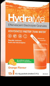 Rapidly rehydrate with Hydralyte Electrolyte Powder Sticks! These clinically formulated electrolyte powders are designed to help manage dehydration by quickly replenishing lost electrolytes. Convenient and portable, Hydralyte's Electrolyte Powder Sticks instantly dissolve to make a hypotonic electrolyte solution. Hydralyte is clinically formulated to contain the correct balance of glucose and electrolytes for the prevention and relief of dehydration. All of the hydrating electrolyte drinks are based on the World Health Organization criteria for effective rehydration. Hydralyte works by replacing fluid and electrolytes lost due to vomiting, diarrhea, fever and heavy sweating. Dehydration can be the result of sickness such as colds or fever, heat exhaustion from sun and heat exposure, or physical exertion during vigorous exercise. The symptoms of dehydrations can include dizziness, nausea, a dry mouth or extreme thirst, confusion, and headaches including migraines. Hydralyte helps you manage dehydration symptoms, and is great to keep in your gym bag or travel carry-on for wherever your adventures take you.
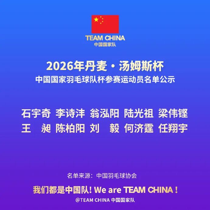 2026世界羽联汤姆斯杯和尤伯杯决赛将于当地时间4月24日至5月3日在丹麦霍森斯举行。根据中国羽毛球协会公布的参赛名单,来自江苏的运动员石宇奇、陆光祖、陈柏阳、徐文婧将随队出战。
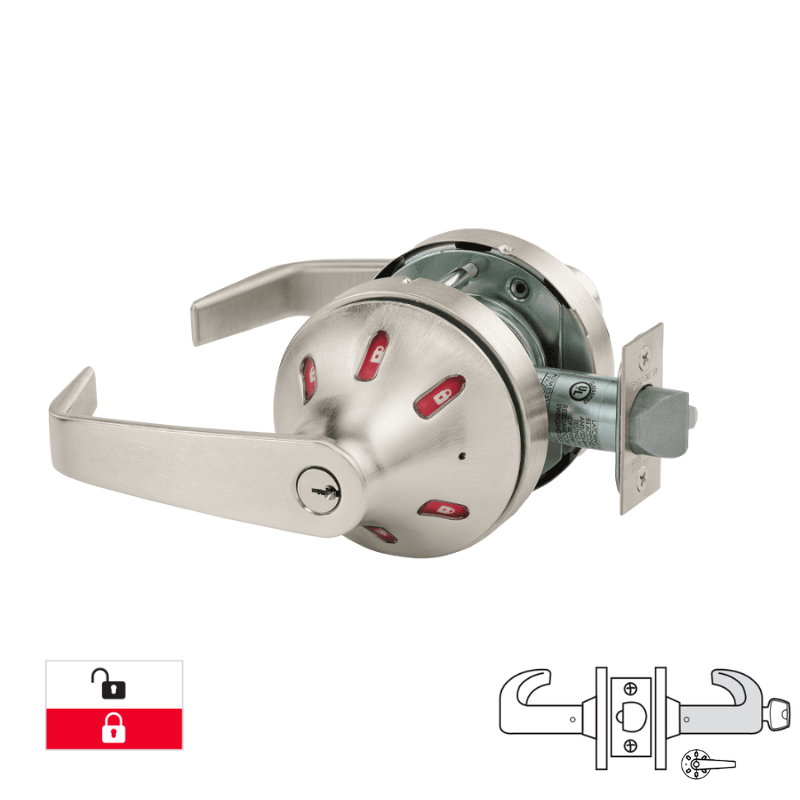 Sargent V60-10XG05-VSLL-LAKD Office Function Cylindrical Lock, "VSL" Rose, "L" Lever Design, Visual Indicator Trim Outside Only, White/Red, 2 3/4 Backset, 4 7/8 Strike, LA Keyway Keyed Random [2] Keys, Grade 1
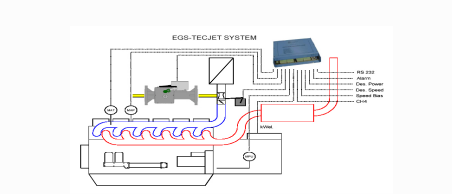 EGS是全電腦智能化,高精確度的燃?xì)膺M(jìn)氣控制系統(tǒng),可通過(guò)計(jì)算機(jī)接口實(shí)現(xiàn)機(jī)組參數(shù)實(shí)時(shí)監(jiān)控。它的信息輸入系統(tǒng)包括速度傳感器、λ傳感器(機(jī)組標(biāo)定用)、功率傳感器或扭矩信號(hào)傳感器、甲烷傳感器、兩個(gè)進(jìn)氣壓力傳感器和一個(gè)進(jìn)氣溫度傳感器,這些傳感器將發(fā)動(dòng)機(jī)運(yùn)行過(guò)程中的填埋氣體濃度變化、轉(zhuǎn)速、功率(或扭矩)、尾氣中氧含量(標(biāo)定用)等信號(hào)及時(shí)傳遞給EGS控制器。EGS控制器將上述信息進(jìn)行綜合處理,計(jì)算出發(fā)動(dòng)機(jī)更佳運(yùn)行所需要的燃?xì)饬?,將信息傳遞給Tecjet控制閥,由Tecjet控制閥控制調(diào)整燃?xì)膺M(jìn)氣量,實(shí)現(xiàn)控制更佳空燃比的目的。通過(guò)控制WOODWARD-ProAct執(zhí)行器來(lái)控制混合氣的流量,將發(fā)動(dòng)機(jī)的轉(zhuǎn)速控制在標(biāo)定范圍內(nèi)。
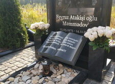 Собираем лавочку, устанавливаем её напротив надгробья. Цветник у подножья мемориальной стелы наполняем светлыми камнями. Под полукруглую арку памятника укрепляем вырезанную из гранита фигуру полумесяца.

====

*Task statement:* Only the lines from the one containing "Sargent V60-10XG05-VSLL-LAKD Office" through the last line of the entries, both included, should be repeated exactly, and the pictures should be left out.

*Result for this task:*
 Sargent V60-10XG05-VSLL-LAKD Office Function Cylindrical Lock, "VSL" Rose, "L" Lever Design, Visual Indicator Trim Outside Only, White/Red, 2 3/4 Backset, 4 7/8 Strike, LA Keyway Keyed Random [2] Keys, Grade 1
 EGS是全電腦智能化,高精確度的燃?xì)膺M(jìn)氣控制系統(tǒng),可通過(guò)計(jì)算機(jī)接口實(shí)現(xiàn)機(jī)組參數(shù)實(shí)時(shí)監(jiān)控。它的信息輸入系統(tǒng)包括速度傳感器、λ傳感器(機(jī)組標(biāo)定用)、功率傳感器或扭矩信號(hào)傳感器、甲烷傳感器、兩個(gè)進(jìn)氣壓力傳感器和一個(gè)進(jìn)氣溫度傳感器,這些傳感器將發(fā)動(dòng)機(jī)運(yùn)行過(guò)程中的填埋氣體濃度變化、轉(zhuǎn)速、功率(或扭矩)、尾氣中氧含量(標(biāo)定用)等信號(hào)及時(shí)傳遞給EGS控制器。EGS控制器將上述信息進(jìn)行綜合處理,計(jì)算出發(fā)動(dòng)機(jī)更佳運(yùn)行所需要的燃?xì)饬?,將信息傳遞給Tecjet控制閥,由Tecjet控制閥控制調(diào)整燃?xì)膺M(jìn)氣量,實(shí)現(xiàn)控制更佳空燃比的目的。通過(guò)控制WOODWARD-ProAct執(zhí)行器來(lái)控制混合氣的流量,將發(fā)動(dòng)機(jī)的轉(zhuǎn)速控制在標(biāo)定范圍內(nèi)。
 Собираем лавочку, устанавливаем её напротив надгробья. Цветник у подножья мемориальной стелы наполняем светлыми камнями. Под полукруглую арку памятника укрепляем вырезанную из гранита фигуру полумесяца.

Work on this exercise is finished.